Alloy manufacturing not only involves mixing metals but requires various treatments to achieve different performances.

For example, your stainless steel utensils and shipbuilding steel for creating battleships are both nickel-chromium alloys, but their performance differs greatly.

However, this isn’t challenging for Chen Xin. If willing, he could even create a molecular metallurgical furnace, directly decomposing materials at the molecular level and rearranging molecules as needed to obtain desired materials.

Of course, such metallurgical technology on a molecular level is too extravagant, and Chen Xin isn’t planning to implement it for now.

For the time being, this 3D printer capable of printing alloys is already sufficient.

"Regarding the specific principles and technology, it’s hard for me to explain clearly, but you only need to know I can indeed accomplish this." Chen Xin maintained his attitude of "I just make things, you research the principles yourself," yet he clarified: "I can first make a small one for you to test and observe the effects before further discussions on subsequent construction plans."

"That’s the best!" The engineering technician was already too excited to say much more, eagerly anticipating Chen Xin’s promised 3D printer capable of printing alloys.

If Chen Xin could truly achieve this, even printing some basic alloys would have extraordinary significance in practical applications.

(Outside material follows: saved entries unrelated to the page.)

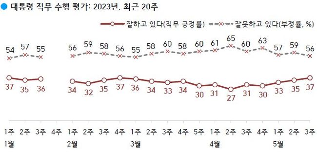 한국갤럽이 2023년 5월 셋째 주(16~18일) 전국 만 18세 이상 1,000명에게 윤석열 대통령이 현재 대통령으로서의 직무를 잘 수행하고 있다고 보는지 잘못 수행하고 있다고 보는지 물은 결과, 37%가 긍정 평가했고 56%는 부정 평가했으며 그 외는 의견을 유보했다(어느 쪽도 아님 2%, 모름/응답거절 5%).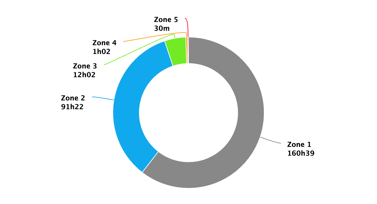 I stuck with base intensities, staying below my first ventilatory threshold (zones 1/2) for nearly every session. The distribution was roughly 2:1 (Z1:Z2), with about one hour of Z3 work regardless of total weekly volume.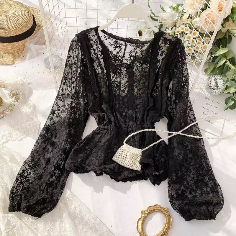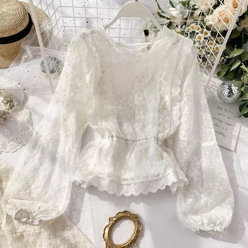 【 国内発送 t031 】リーフレースブラウス 長袖ブラウス 長袖シャツ アプリコット ブラック ホワイト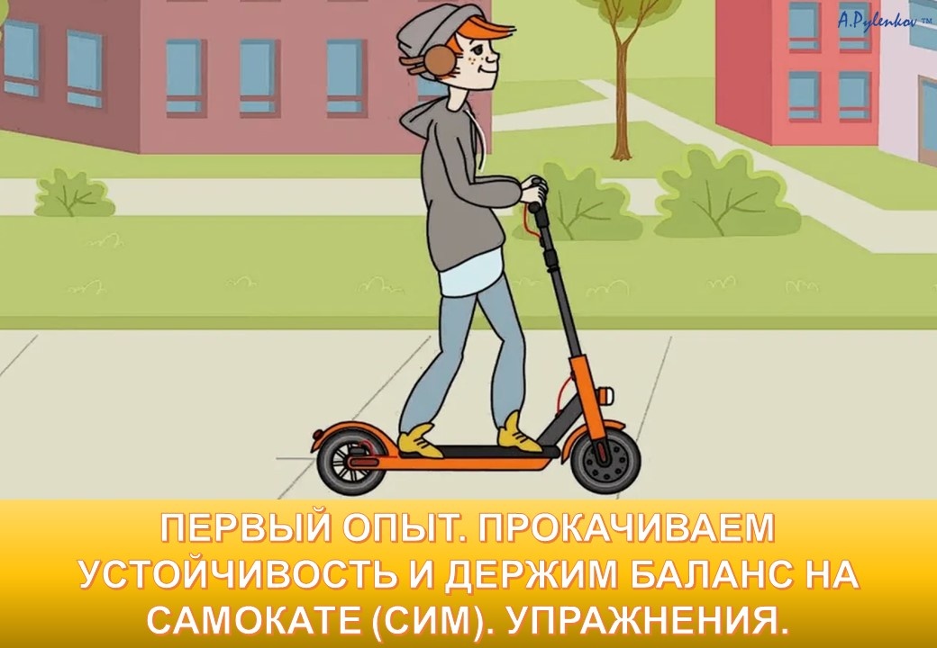 ПЕРВЫЙ ОПЫТ. ПРОКАЧИВАЕМ УСТОЙЧИВОСТЬ И ДЕРЖИМ БАЛАНС НА САМОКАТЕ (СИМ). УПРАЖНЕНИЯ.
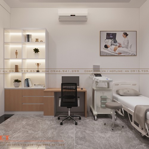 Phòng siêu âm trong thiết kế phòng khám sản phụ khoa Vuông Tròn có bố trí giường nằm, tủ đựng đồ, bàn ghế làm việc, máy móc thiết bị. Các đồ nội thất được sắp đặt gọn gàng, thể hiện sự chuyên nghiệp của phòng khám. Tại đây, chị em phụ nữ được thăm khám dưới bàn tay của đội ngũ y bác sĩ giàu kinh nghiệm, giỏi chuyên môn. Mọi vướng mắc sẽ được các y bác sĩ giải đáp nhiệt tình, chu đáo nhất.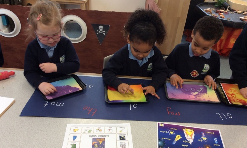 We also talked about firework safety, and in our literacy area, created colourful posters to remind others how to keep safe on Bonfire Night. In the creative area, we made mixed media firework pictures inspired by the sounds and colours of Bonfire Night. In phonics, we wrote our own ‘firework words’ inspired by the night sky, using our sounds to describe the pops, bangs, and crackles we could imagine.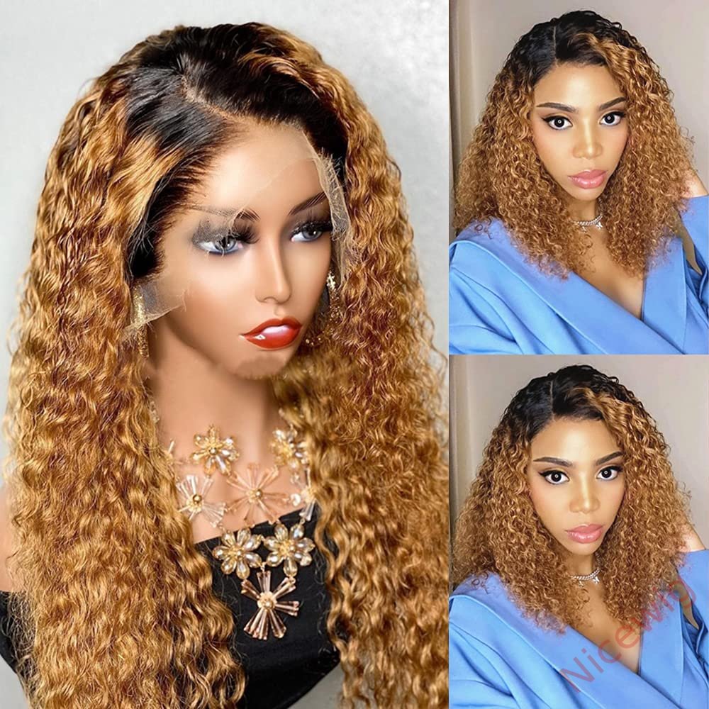 Black Gradient Light Brown Brazilian Water Wave Curly Wigs

Chen Xin naturally noticed the engineering technician’s excitement. He was accustomed to such reactions from individuals because of his statements, and since he didn’t think much of it, he merely nodded and said, "Then I’ll first make a small prototype for you to experiment with; once the results are confirmed, we can discuss the follow-up construction plan."

"Okay, Academician Chen!" The engineering technician agreed, finally suppressing his excitement.

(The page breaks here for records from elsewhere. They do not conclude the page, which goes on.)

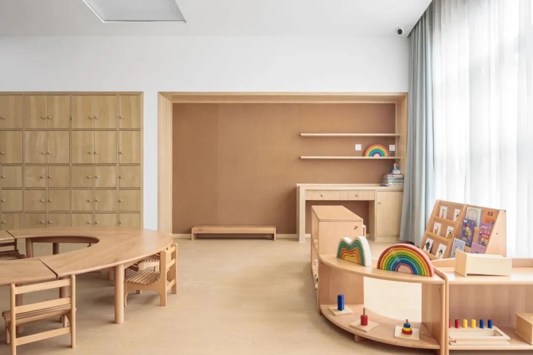 春天里幼儿园设计师灯灯说:“在设计的时候,我们会确保空间尺度和设计布局足够开阔,让孩子们更舒适,材质、色彩选择贴近自然的,带来柔和感和亲和感。”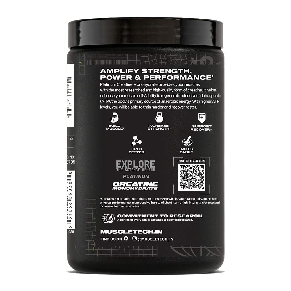- Muscle Repair And Recovery: Platinum 100% creatine supports muscle mass by limiting muscle breakdown and promotes muscle repair and new muscle growth. This gives you a post-workout recovery and better performance results.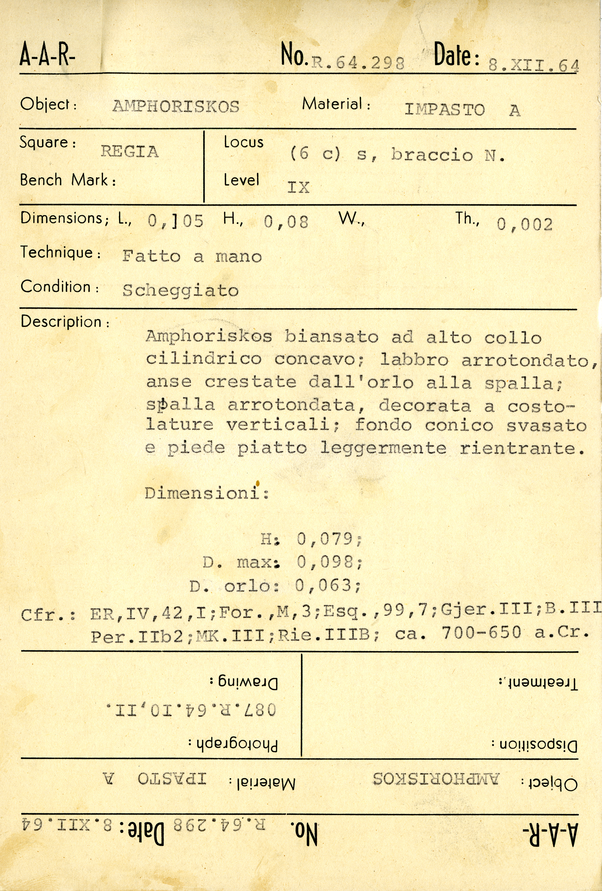 Regia Catalogue: [R64.298.Card] (R64.298.Card), 1964-12-08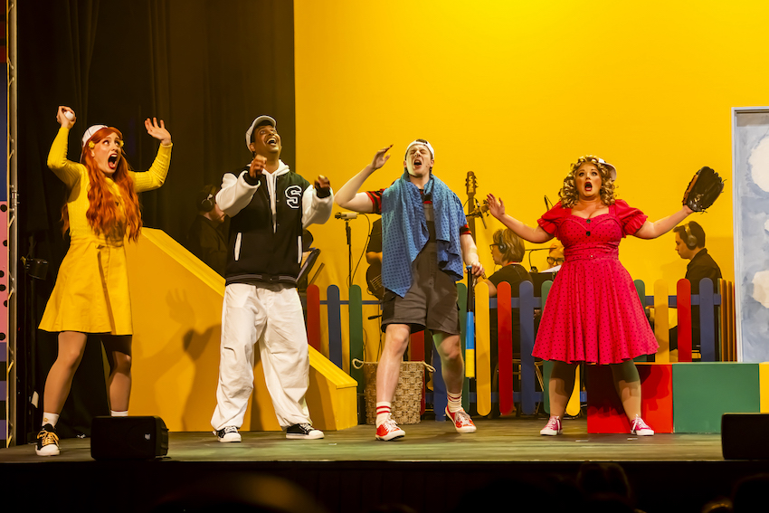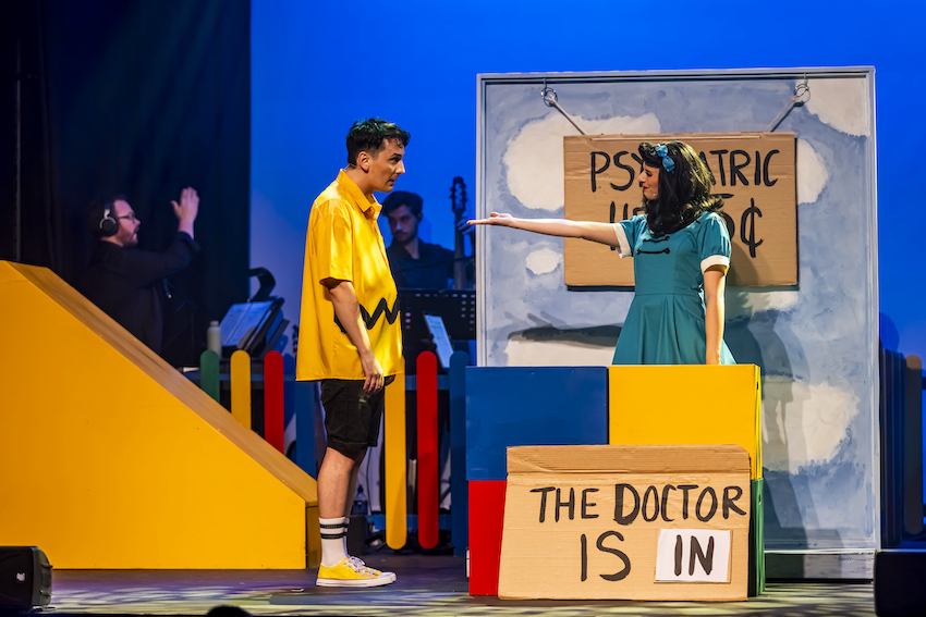 Costume design by Britni Leslie is completely authentic and visually appealing. Woodstock in yellow pinafore, skivvy, and beret is a fun highlight, and the wigs of Sally and Lucy are impressively perfect.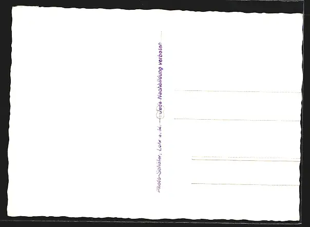 Personenbezogene Daten auf der Rückseite der Karte wurden durch blauen Textmarker unkenntlich gemacht. Die blauen Stellen sind auf die Vorderseite durchgeweicht und wirken sich negativ auf das Postkartenfoto aus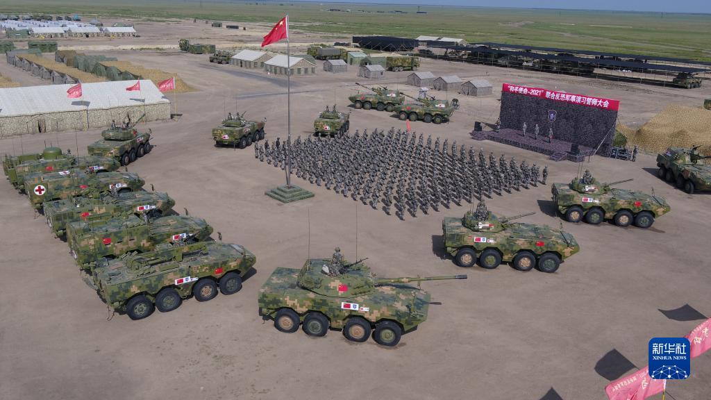 参加“和平使命-2021”联合军演的中方参演部队举行誓师大会(8月15日摄,无人机照片)。新华社发(仲崇岭 摄)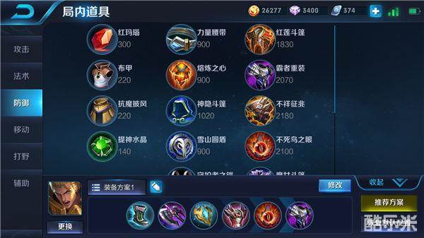 出装:抵抗之靴、暗影战斧、极寒风暴、反伤刺甲、不死鸟之眼、霸者重装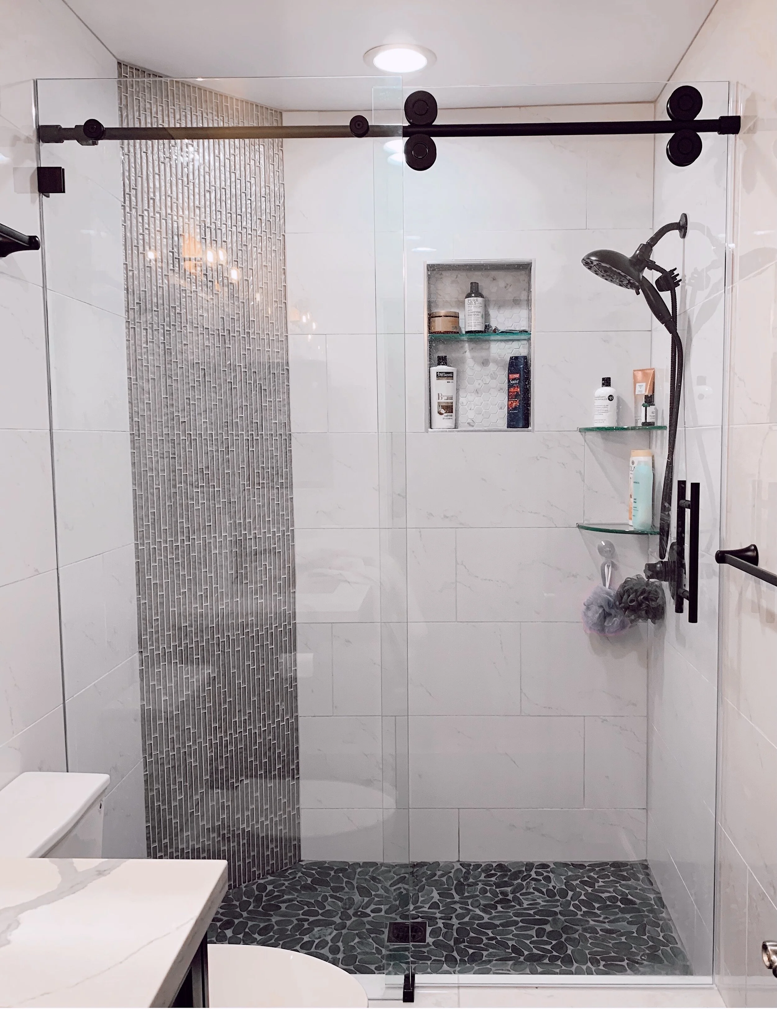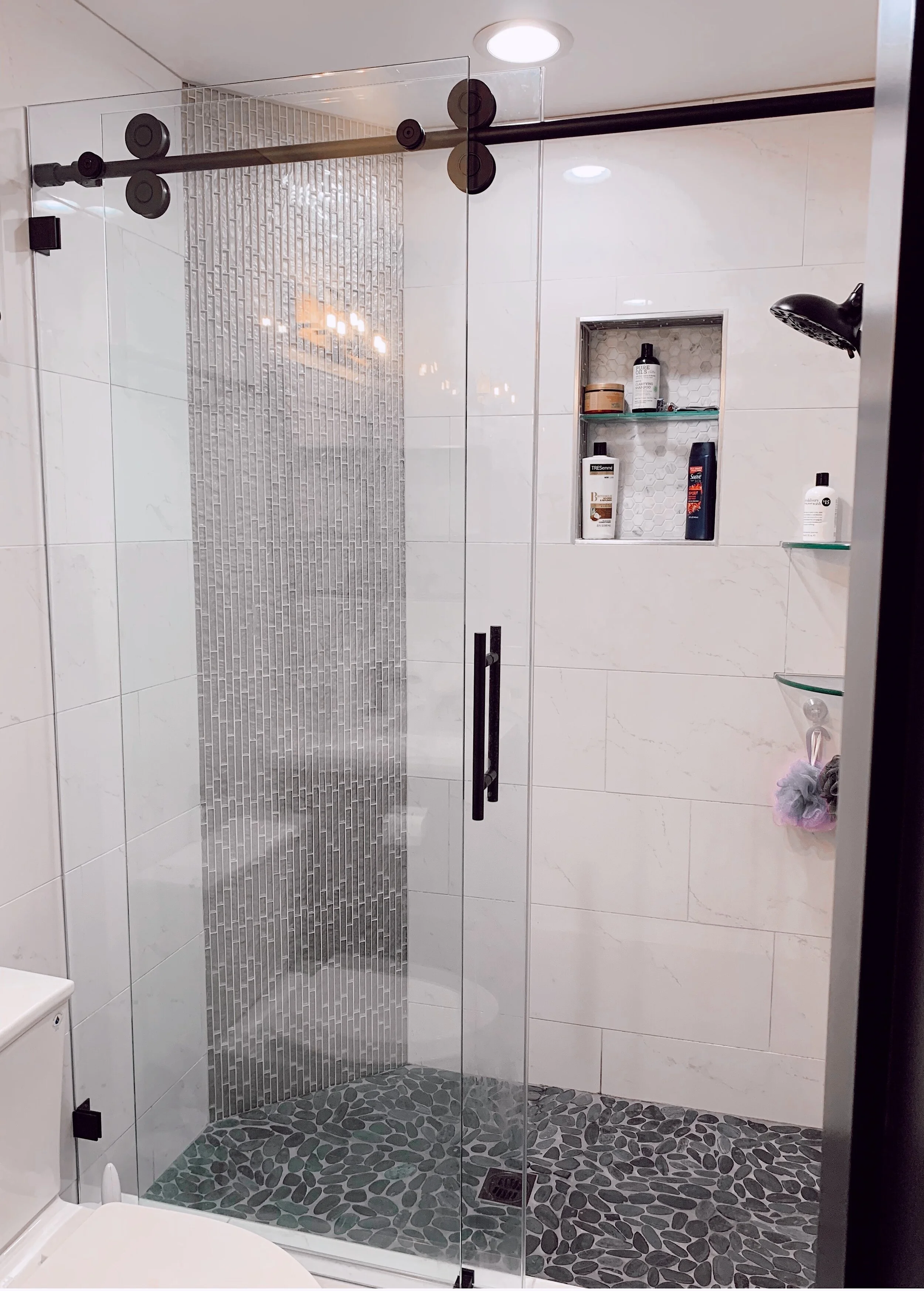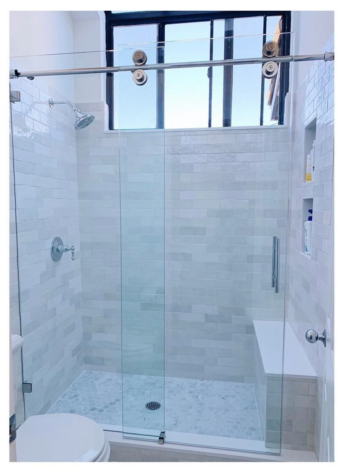 The “Crescent Series” Barn Style Door is manufactured by: CRLaurence Company. This modern round shaped top rail and wheels come in different hardware finishes to match your unique bathroom.

As for the change in construction plans, it’s naturally necessary. Traditional construction methods require scaffolding with workers gradually installing and welding.

But if utilizing 3D printing, a skyscraper can be erected from the ground up, requiring fewer construction workers and allowing the 3D printer to print the main structure on its own, with workers handling subsequent tasks.

The difference is stark in terms of scale and difficulty between the two approaches.